ACTIVITY -> Each line below from the line with "Au charme brut, la" to the line with "2018年我國彩鋼板行業產量" must be copied exactly, including those two, and no picture may appear in the copy.

DATA FOR THIS TASK ->
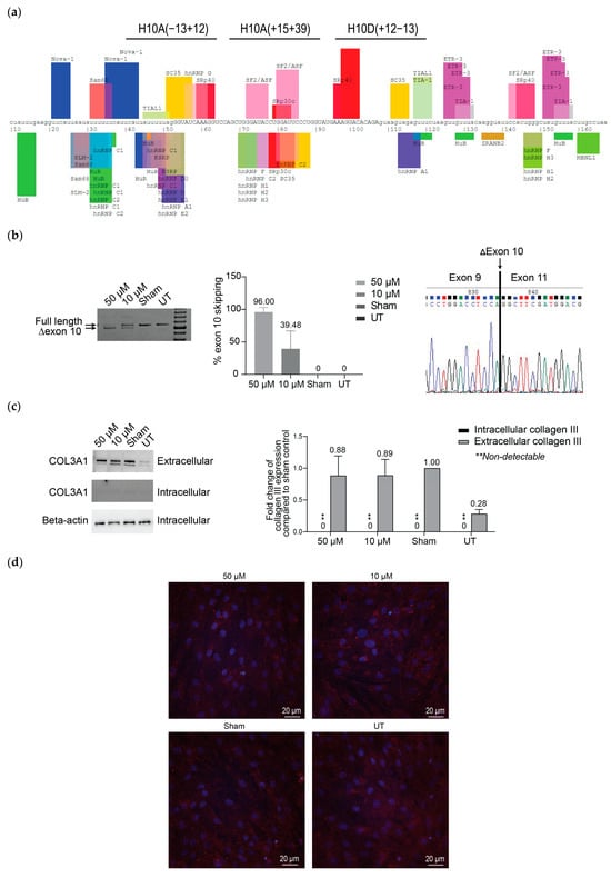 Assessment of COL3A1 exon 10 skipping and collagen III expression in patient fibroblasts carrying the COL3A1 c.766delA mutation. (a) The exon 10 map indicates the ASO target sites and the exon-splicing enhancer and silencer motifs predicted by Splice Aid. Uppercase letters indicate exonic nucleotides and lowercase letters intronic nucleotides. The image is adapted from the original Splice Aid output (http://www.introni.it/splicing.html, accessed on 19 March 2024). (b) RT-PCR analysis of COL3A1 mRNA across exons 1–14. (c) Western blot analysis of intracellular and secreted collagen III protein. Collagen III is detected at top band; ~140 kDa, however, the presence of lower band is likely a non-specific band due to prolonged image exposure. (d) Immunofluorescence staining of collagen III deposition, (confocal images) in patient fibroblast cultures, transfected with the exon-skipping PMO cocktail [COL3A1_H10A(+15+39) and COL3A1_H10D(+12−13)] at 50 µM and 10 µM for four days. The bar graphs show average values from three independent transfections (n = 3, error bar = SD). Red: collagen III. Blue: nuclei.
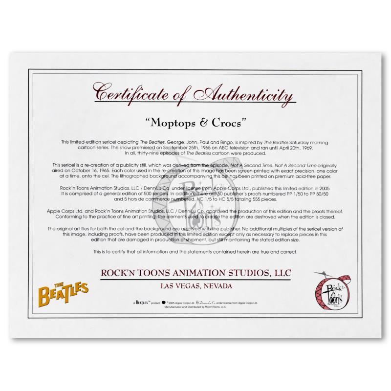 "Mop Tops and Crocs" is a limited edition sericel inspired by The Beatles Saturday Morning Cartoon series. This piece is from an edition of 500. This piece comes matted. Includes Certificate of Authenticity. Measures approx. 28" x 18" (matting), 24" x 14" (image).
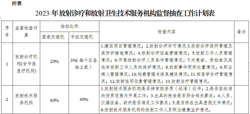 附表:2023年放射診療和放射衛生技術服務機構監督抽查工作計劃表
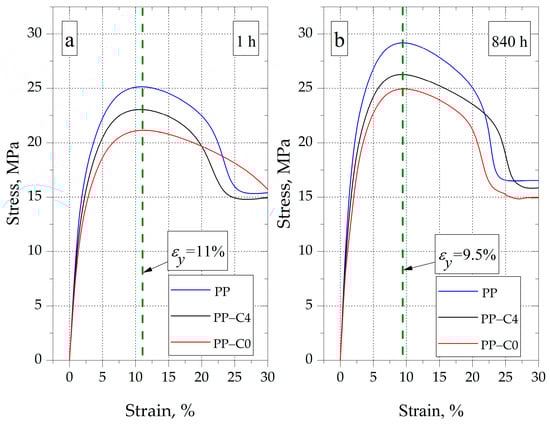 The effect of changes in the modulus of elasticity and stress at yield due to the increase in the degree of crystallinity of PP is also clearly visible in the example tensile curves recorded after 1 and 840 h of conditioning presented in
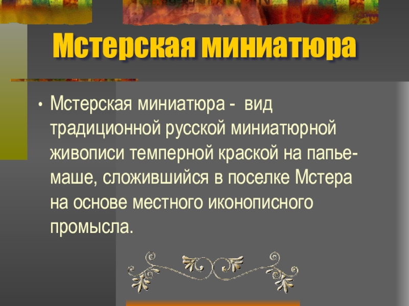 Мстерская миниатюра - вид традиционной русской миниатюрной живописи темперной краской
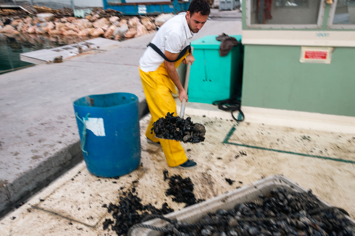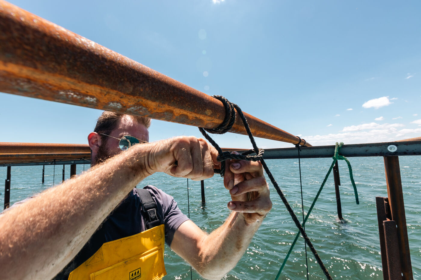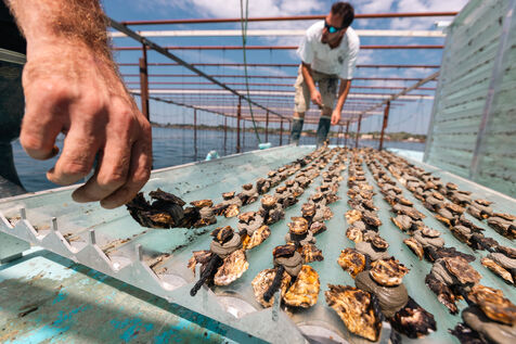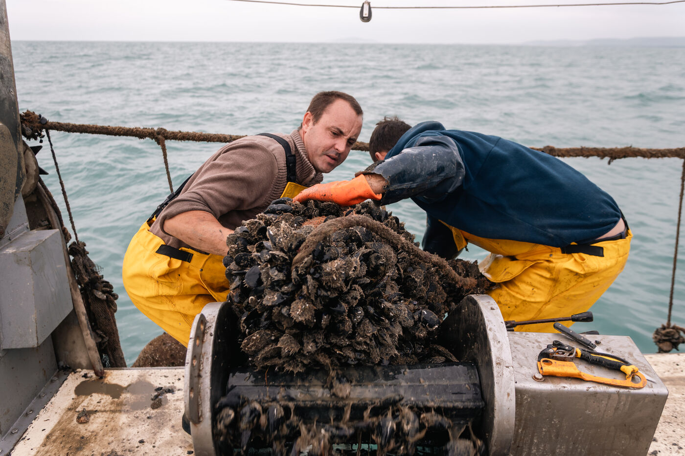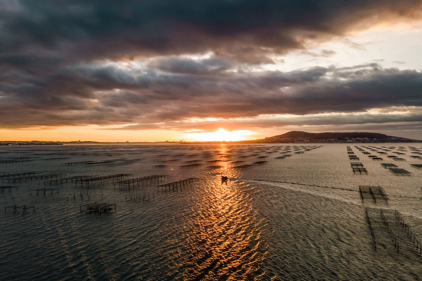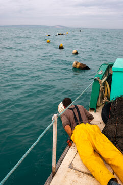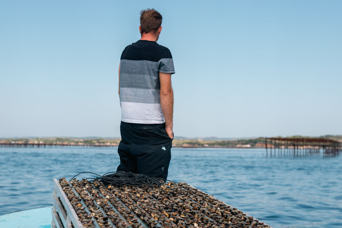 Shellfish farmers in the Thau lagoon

...

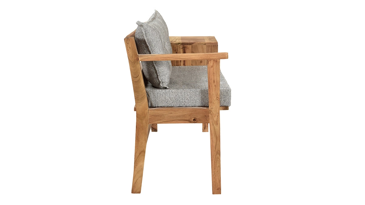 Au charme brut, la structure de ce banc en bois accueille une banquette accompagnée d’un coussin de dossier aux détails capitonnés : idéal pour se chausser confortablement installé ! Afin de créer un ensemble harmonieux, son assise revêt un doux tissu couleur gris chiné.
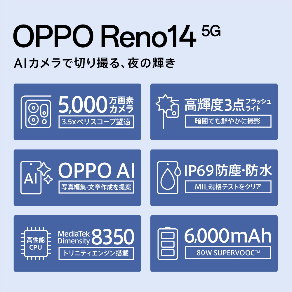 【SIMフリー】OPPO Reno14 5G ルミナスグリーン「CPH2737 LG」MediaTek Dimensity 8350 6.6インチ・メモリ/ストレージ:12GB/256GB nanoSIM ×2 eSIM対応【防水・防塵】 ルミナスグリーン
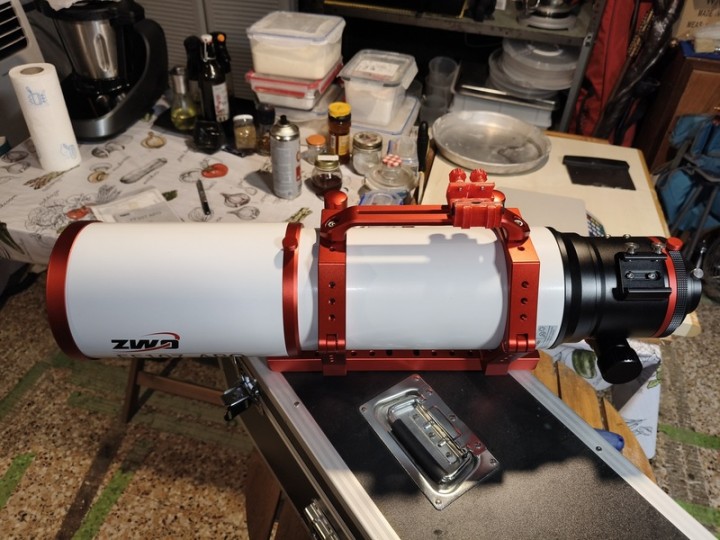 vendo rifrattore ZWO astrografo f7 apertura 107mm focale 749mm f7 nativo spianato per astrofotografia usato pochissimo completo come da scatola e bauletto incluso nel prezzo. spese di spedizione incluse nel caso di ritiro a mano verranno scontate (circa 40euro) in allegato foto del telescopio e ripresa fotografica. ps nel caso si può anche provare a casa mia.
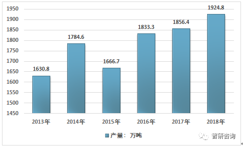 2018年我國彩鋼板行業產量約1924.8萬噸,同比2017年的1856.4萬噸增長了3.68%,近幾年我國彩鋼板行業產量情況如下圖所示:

RESULT OF THE EXERCISE ->
 Au charme brut, la structure de ce banc en bois accueille une banquette accompagnée d’un coussin de dossier aux détails capitonnés : idéal pour se chausser confortablement installé ! Afin de créer un ensemble harmonieux, son assise revêt un doux tissu couleur gris chiné.
 【SIMフリー】OPPO Reno14 5G ルミナスグリーン「CPH2737 LG」MediaTek Dimensity 8350 6.6インチ・メモリ/ストレージ:12GB/256GB nanoSIM ×2 eSIM対応【防水・防塵】 ルミナスグリーン
 vendo rifrattore ZWO astrografo f7 apertura 107mm focale 749mm f7 nativo spianato per astrofotografia usato pochissimo completo come da scatola e bauletto incluso nel prezzo. spese di spedizione incluse nel caso di ritiro a mano verranno scontate (circa 40euro) in allegato foto del telescopio e ripresa fotografica. ps nel caso si può anche provare a casa mia.
 2018年我國彩鋼板行業產量約1924.8萬噸,同比2017年的1856.4萬噸增長了3.68%,近幾年我國彩鋼板行業產量情況如下圖所示:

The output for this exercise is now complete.